Un cambio de esta clase no es sencillo. Para lograrlo es necesario, en primer lugar, saber si el estilo de liderazgo es adecuado para la situación actual o si debe cambiar. Posteriormente, cada líder debe cuestionarse si las competencias que posee son pertinentes para los cambios exigidos. A ello debemos sumar el hecho de que las decisiones en tiempos de crisis no pueden tomar demasiado tiempo.
Aunque no es motivo de este texto explorar de manera exhaustiva vías para, por ahora, desarrollar y lograr cambios específicos a nivel personal y organizacional, sí podemos indicar un aspecto importante para iniciar la transformación tanto de organizaciones como personas: el diálogo profundo y enfocado.
Invitar a los colaboradores a brindar retroalimentación, escuchar seriamente su punto de vista y tomar en cuenta sus observaciones parecería una tarea sumamente sencilla.
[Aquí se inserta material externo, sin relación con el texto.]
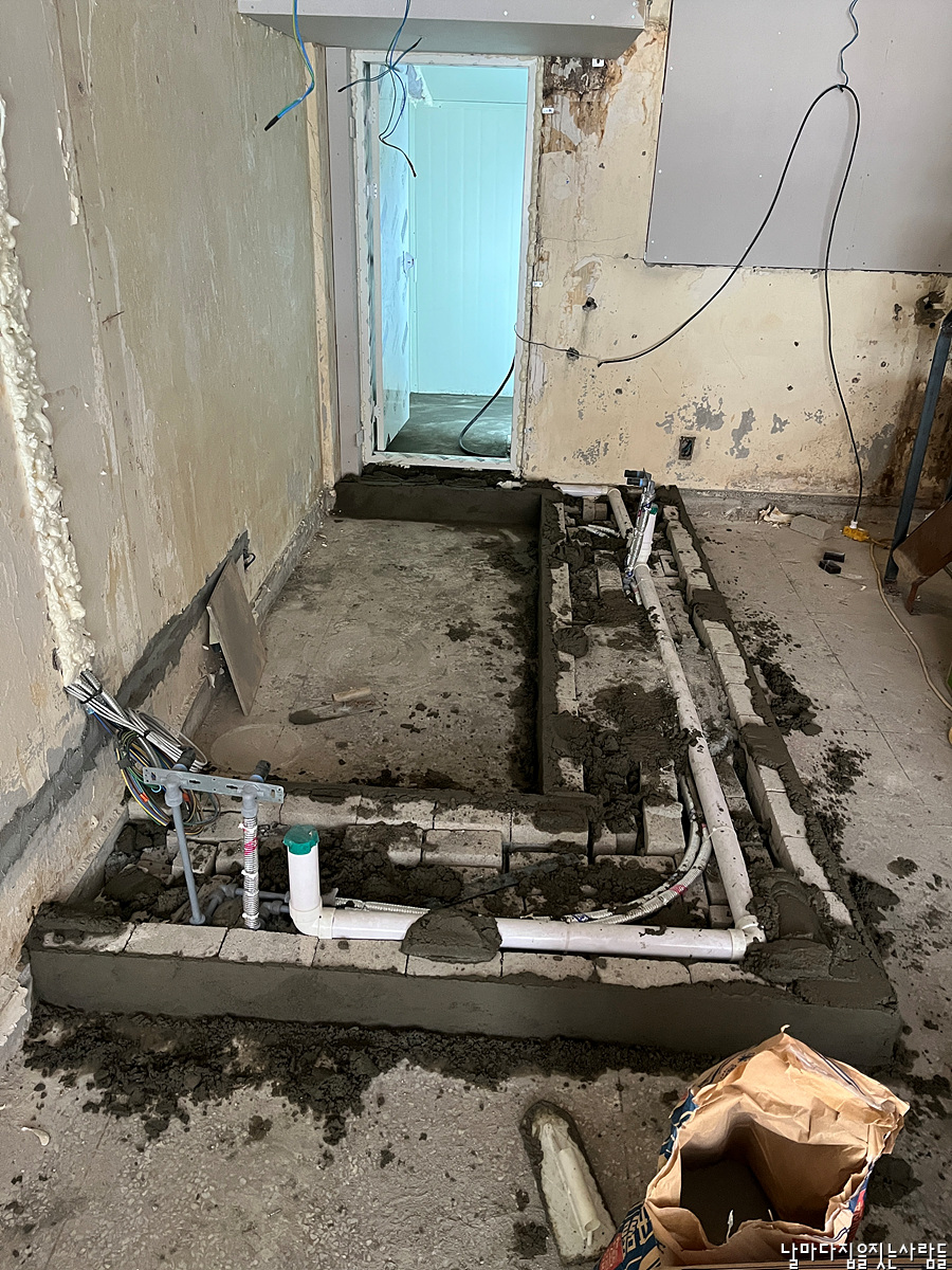 주방 배관후 보호턱 시공 사진입니다. 주방 겸 카운터로 사용할 계획입니다.
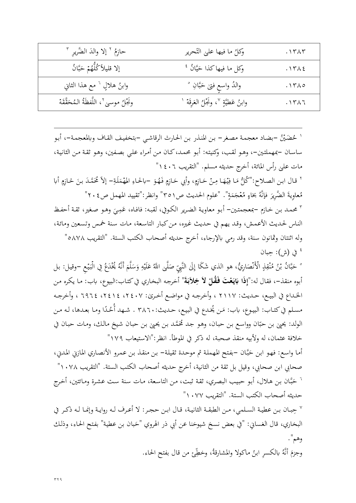 (¬6) حِبان بن عطية السلمي، من الطبقة الثانية، قال ابن حجر: لا أعرف له رواية وإنما له ذكر في البخاري، قال الغساني: "في بعض نسخ شيوخنا عن أبي ذر الهروي "حَبان بن عطية" بفتح الحاء، وذلك وهم".
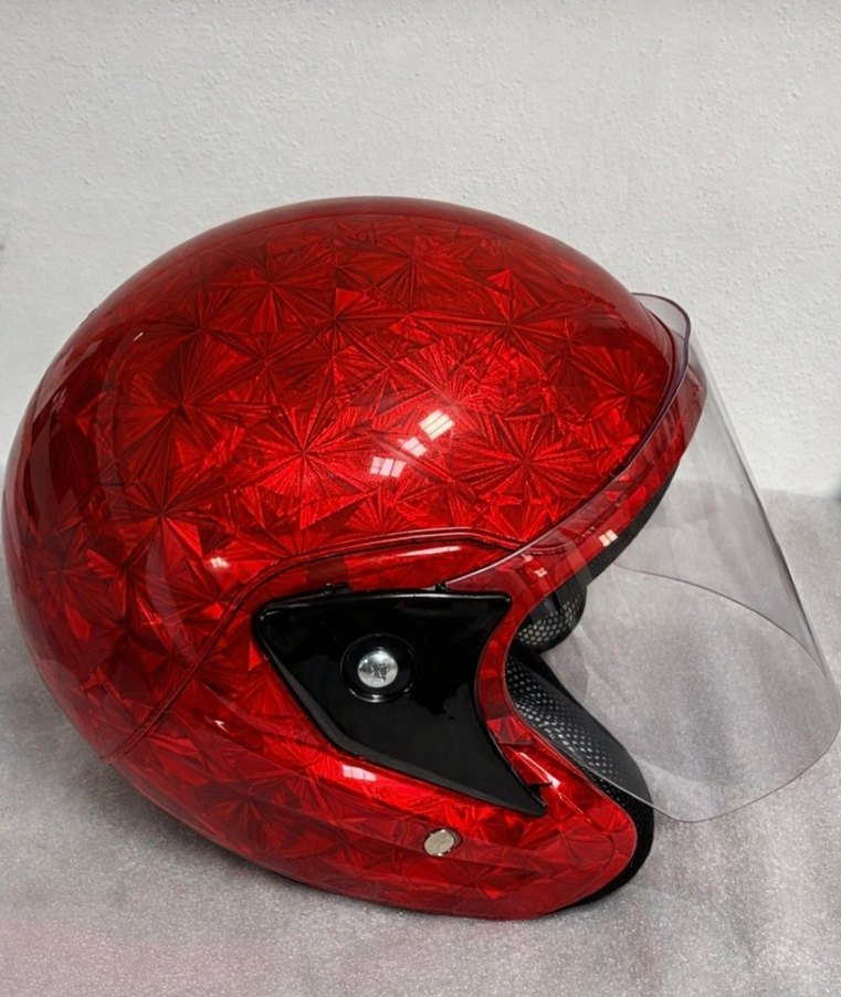 Parlak cam malzemeden yapılmış, kırmızı ve kristal desenli motosiklet kaskı sifirdir farkli renk sipariş isteyene yapilir
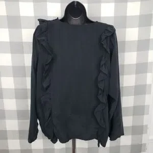 Zara Black Double Ruffle Blouse
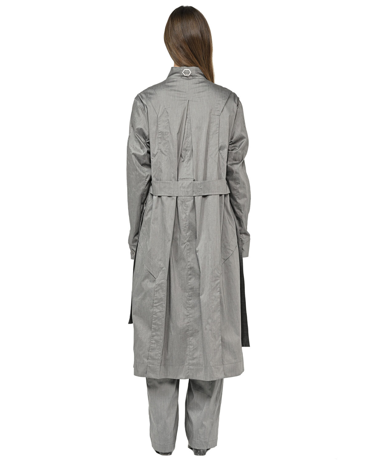 – Asymmetrical cuffs with signature steel hexagon buttons
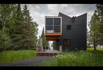 Casa tipo cabana, de diseno y morfologia moderna y actual, disenada por el arquitecto David Salmela, en un area de campamentos en el Lago Superior de Wisconsin, USA.

Sin embargo, cuando dicho diálogo tiene que ver con las cualidades personales o el estilo de liderazgo, escuchar con humildad puede ser muy difícil. Para lograr un diálogo exitoso entre los distintos niveles de la estructura en la empresa es necesario fomentar un ambiente de confianza y, sobre todo, de apertura. Escuchar seriamente a los demás no sólo es benéfico al interior de la organización; también puede clave para el crecimiento personal de los líderes. En estos momentos de crisis, los directores y dueños de negocios necesitan un espejo que los haga reflexionar más que sobre sus capacidades técnicas, sobre su carácter y la respuesta de éste ante la crisis. La comunicación franca, abierta y constructiva con colaboradores puede constituirse en ese espejo tan necesario ahora para los líderes de organizaciones.